(Source data)
+ + +

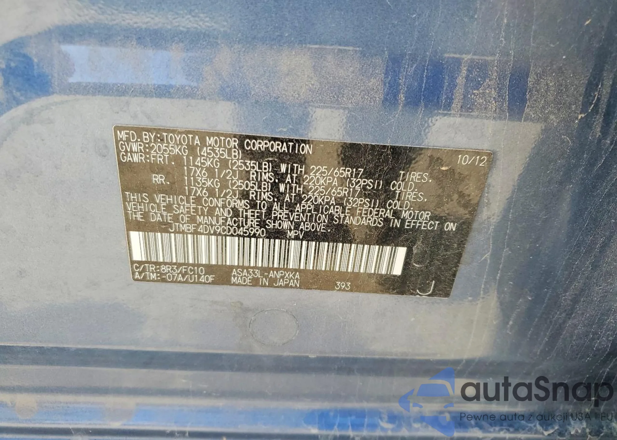VIN: JTMBF4DV9CD045990
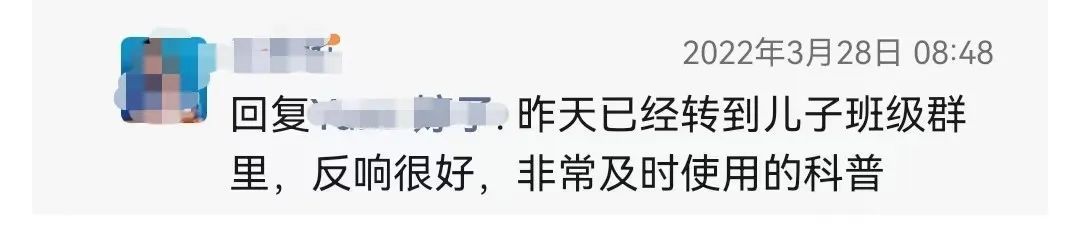 当她看到朋友圈中家长朋友的留言:“昨天已转发儿子班级群里,反响很好,非常及时的科普。” 她由衷地感受到作为一名医学科普人的价值及其带来的幸福感。
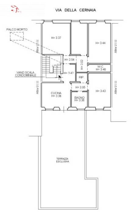 Firenze STATUTO, via della Cernaia, a tre minuti dalla tramvia, in quartiere caratterizzato dalla presenza di piccoli esercizi commerciali, vendesi appartamento di mq.104 con terrazzo abitabile di mq.75 al primo piano senza ascensore di piccola palazzina in buone condizioni di manutenzione.
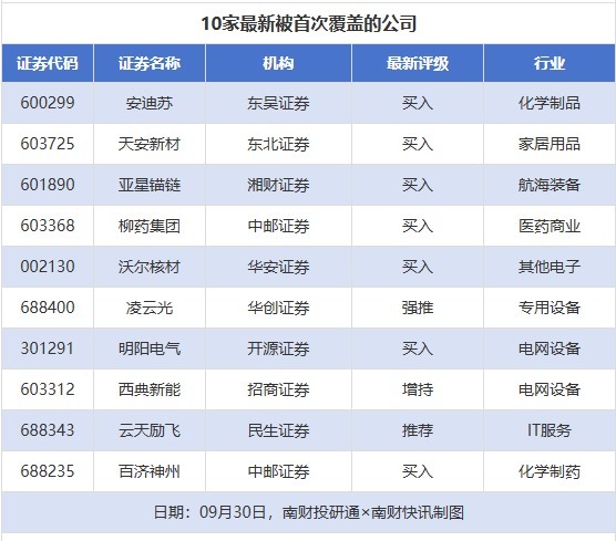 首次覆盖方面,9月30日券商共给出了10次首次覆盖,其中安迪苏获得东吴证券给予“买入”评级,天安新材获得东北证券给予“买入”评级,亚星锚链获得湘财证券给予“买入”评级,柳药集团获得中邮证券给予“买入”评级,沃尔核材获得华安证券给予“买入”评级。
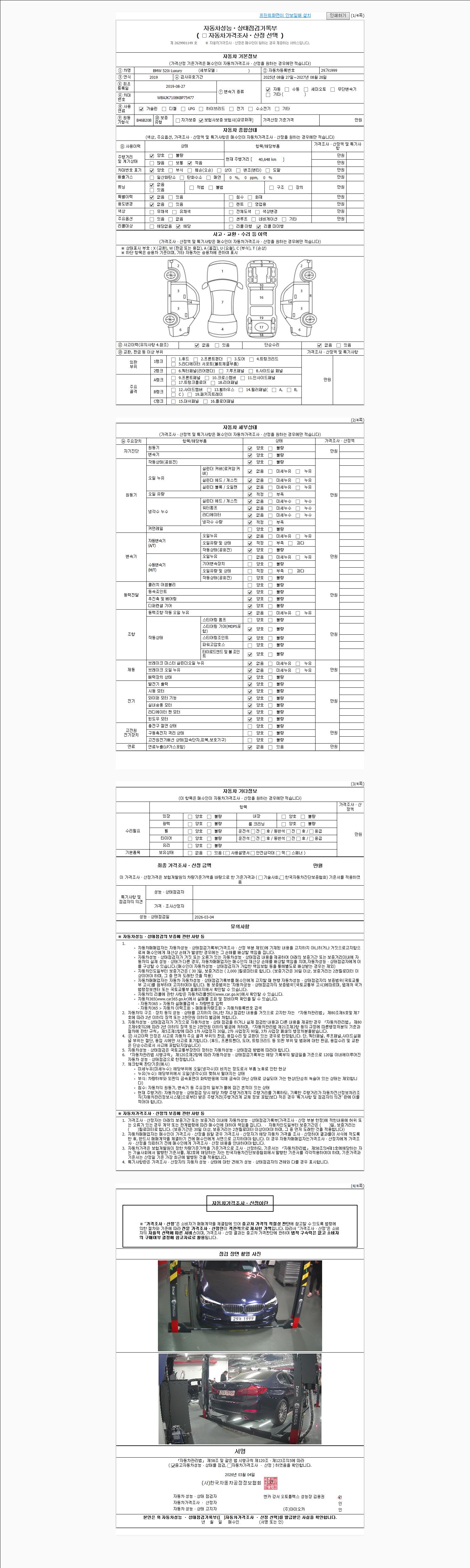 -중고자동차 매매업자를 통해 차량을 구입하실 경우 반드시 "중고자동차 성능, 상태점검 기록부"를 교뷰 받으셔야 하며, 매매업자는 반드시 의무 교부 하여야 압니다.
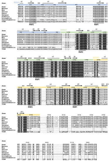 Alignment of the primary protein sequence of TIA1 with TIAR and orthologs from different vertebrate species, Caenorhabditis elegans and Drosophila melanogaster, illustrates the high degree of shared identity (Figure 3). This, together with the existence of structural and functional orthologs both in vertebrates and in invertebrate species, underlines the biological importance of these proteins, which are conserved from the earliest ancestors. However, it is the RRMs that show the highest degree of similarity, with RRM2 (the most involved in RNA-protein interactions) being the most conserved among orthologs, implying strong functional conservation of the mechanism of action of these proteins. By contrast, the C-terminal prion-like domain is much less conserved, likely as a result of a lower selection pressure. Nevertheless, there is a propensity for Q-rich motifs to exist at this end, with few exceptions, including D. melanogaster and C. elegans [7]. Included among the structural and/or functional orthologs of TIA1 proteins in non-vertebrate taxonomic groups are Rox8, present in D. melanogaster [8]; UBP1 and RBP45/47, present in plants [9,10]; Nam8p [11,12,13] and PUB1 [14,15], present in yeast; Ngr1/Rbp1 [16], present in fungi; and SfTRN-1 and BmTRN-1, present in worms [17,18].

+ + +

### Work instructions
Begin at the first line of the records and please reproduce every line exactly through the one containing "-중고자동차 매매업자를 통해", leaving all pictures out.

### Exercise response
VIN: JTMBF4DV9CD045990
 当她看到朋友圈中家长朋友的留言:“昨天已转发儿子班级群里,反响很好,非常及时的科普。” 她由衷地感受到作为一名医学科普人的价值及其带来的幸福感。
 Firenze STATUTO, via della Cernaia, a tre minuti dalla tramvia, in quartiere caratterizzato dalla presenza di piccoli esercizi commerciali, vendesi appartamento di mq.104 con terrazzo abitabile di mq.75 al primo piano senza ascensore di piccola palazzina in buone condizioni di manutenzione.
 首次覆盖方面,9月30日券商共给出了10次首次覆盖,其中安迪苏获得东吴证券给予“买入”评级,天安新材获得东北证券给予“买入”评级,亚星锚链获得湘财证券给予“买入”评级,柳药集团获得中邮证券给予“买入”评级,沃尔核材获得华安证券给予“买入”评级。
 -중고자동차 매매업자를 통해 차량을 구입하실 경우 반드시 "중고자동차 성능, 상태점검 기록부"를 교뷰 받으셔야 하며, 매매업자는 반드시 의무 교부 하여야 압니다.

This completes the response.